One of the most famous demons in the Judeo-Christian tradition is Beelzebub. He’s usually depicted as a monstrous giant fly, which goes along with his title, Lord of the Flies. Because flies are nasty creatures that hang out on shit and corpses, it shouldn’t come as a shock that Beelzebub spreads disease.

He’s also associated with tempting people with the deadly sin of pride.

In the Gospel of Nicodemus, another apocryphal text, Jesus gave Beelzebub dominion over Hell because the demon freed Adam and other unbaptized saints, allowing them to go up to Heaven. Satan was not pleased.

What it does: Demons like to possess people, manipulating them like puppets. And while the Yellow-Eyed Demon doesn’t seem like much fun, some demons are better to be possessed by than others.

Even ol’ Beelzebub has been known to possess people now and them. Back in 1611, in Aix-en-Provence, France, a Father Louis Gaufridi was accused of making a pact with the Devil, in which a group of Ursuline nuns were possessed by Beelzebub.

The priest was burned at the stake. His executioners used bushes instead of logs because they burn slower and hotter. During the execution, onlookers said they saw flies rising from Father Gaufridi’s body.

How to defeat it: Holy water will burn that mofo. If you can slip it into a beer, all the better!

Watch out for a binding link scar. (The one Sam’s got looks a whole lot like a Q.) To break it, destroy the connection. You could try branding over it with a hot poker — just know it’s gonna hurt!

What’s the secret to fighting off a demonic possession? The answer is surprisingly simple: “If I told them to swing a black cat by its tail over their head at midnight, they would do that,” said Father Vincent Lampert, the designated exorcist for the Archdiocese of Indianapolis, Indiana. “People think they have to do something extraordinary, but it is actually the very ordinary things that build up graces and offer protection. If a Catholic is praying, going to Mass and receiving the sacraments, then the Devil is already on the run,” he told the National Catholic Register.

Loki, the tricker god of Norse mythology as played by Tom Hiddleston, is one of the best villains in the Marvel universe

S2E15: “Tall Tales”

Monster: Trickster

Where it’s from: All over the world

Hermes, the Greek god of travel and thieves, is also a trickster

Description: Religions and folktales all around the globe include a trickster deity. The Norse had Loki, while the Greeks worshiped Hermes. In West Africa, there was the spider Anansi. European folklore includes tales of the mischievous Reynard the Fox. And Native Americans tell stories of the Raven and Coyote.

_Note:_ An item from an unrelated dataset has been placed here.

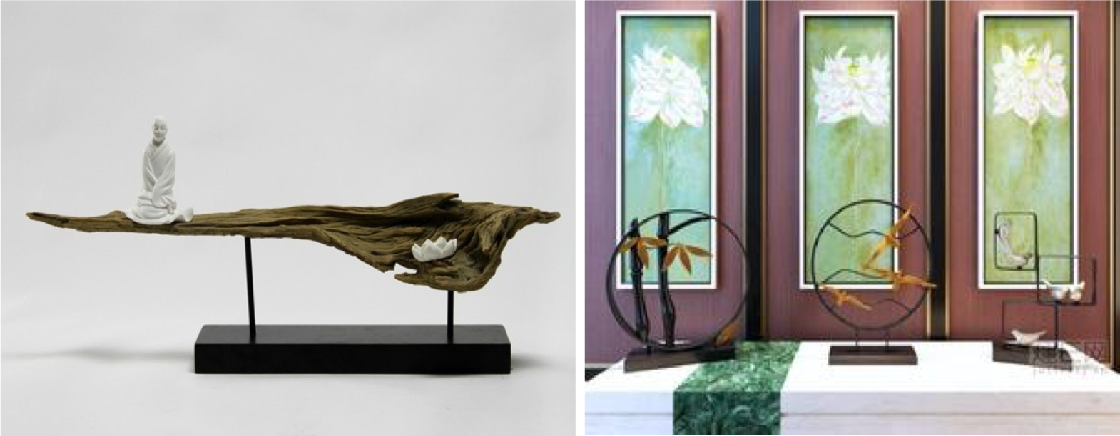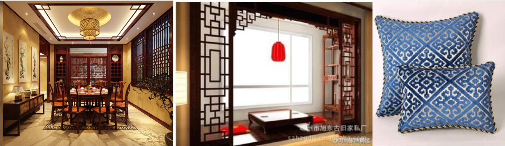 (1)传统吉祥图案的运用。吉祥图案包括龙、凤、麒麟、鹤、鱼、鸳鸯等动物图案和松、竹、梅、兰、菊、荷等植物图案,以及它们之间的变形组合图案等。

The African trickster Anansi is the star of a well-known children’s book

“Almost all non-literate mythology has a trickster-hero of some kind,” the famous mythologist Joseph Campbell said in An Open Life. “And there’s a very special property in the trickster: He always breaks in, just as the unconscious does, to trip up the rational situation. He’s both a fool and someone who’s beyond the system. And the trickster represents all those possibilities of life that your mind hasn’t decided it wants to deal with. The mind structures a lifestyle, and the fool or trickster represents another whole range of possibilities. He doesn’t respect the values that you’ve set up for yourself, and smashes them.”

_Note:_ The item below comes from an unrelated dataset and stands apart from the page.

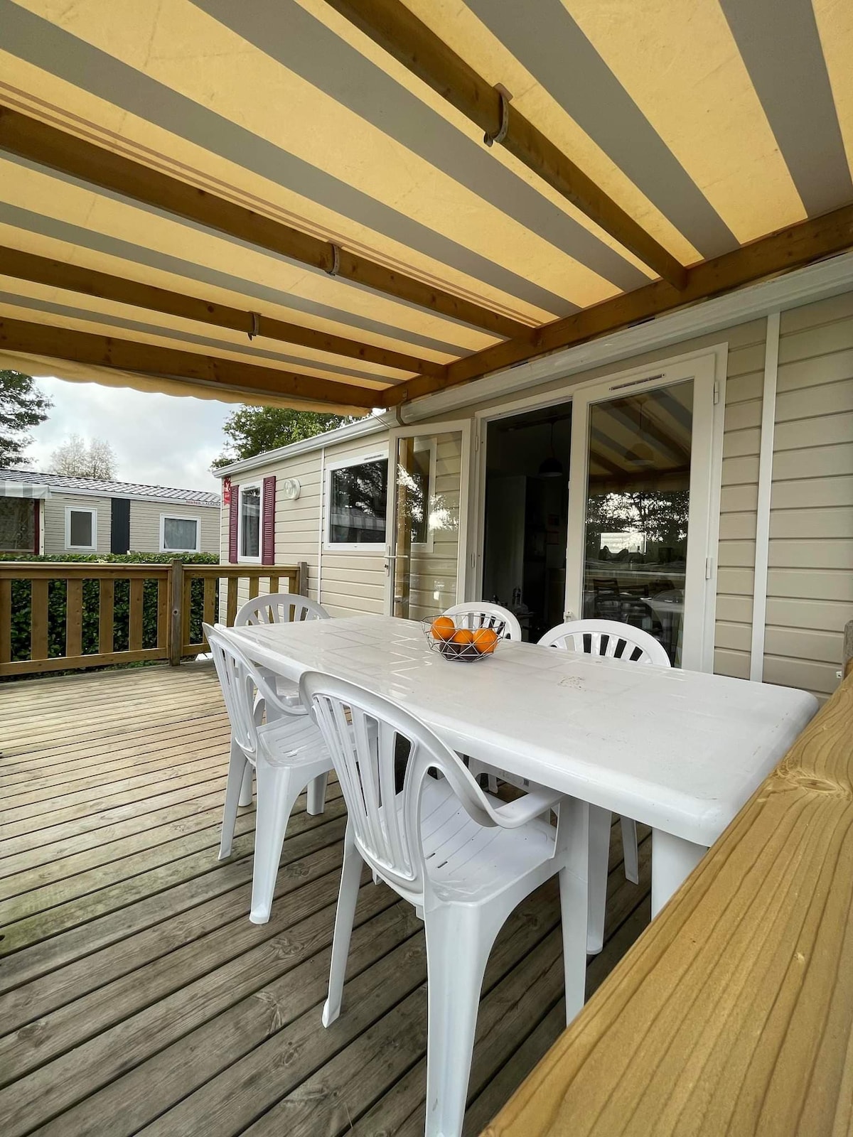 Մենք վարձակալում ենք 35 մ2 շարժական տուն 6 հոգու համար բարձրակարգ քեմփինգում, որը գտնվում է նկարիչների քաղաքի մոտակայքում (Պոնտ - Ավեն, Ֆինիստեր հարավ )։ Mobil - տունը բաղկացած է լիովին կահավորված խոհանոցից, որը բաց է դեպի հյուրասենյակ, 3 ննջասենյակ ՝ երկտեղանի մահճակալով և երկուսը ՝ մեկտեղանի մահճակալներով ։ Այս տունը գտնվում է ծովից 5 կմ հեռավորության վրա ։

Sounds like they’re essentially rebels, eager to disrupt the social order. No wonder I’ve always had a soft spot for Hermes.

Reynard the Fox is surely up to no good, preaching to these birds

What it does: In this episode, urban legends are coming true. A girl’s ghost seduces a lecherous professor, then sends him out the window and down four stories to his death. A sexed-up ET abducts a hazing-crazed frat boy, who’s anally probed again and again. (“Some alien made you his bitch,” Dean says. But it got worse, the boy adds: It made him slow dance to “Lady in Red.”) A shiny watch down a drain lures a researcher who tests on animals to end up mauled to death by a crocodile in the sewers.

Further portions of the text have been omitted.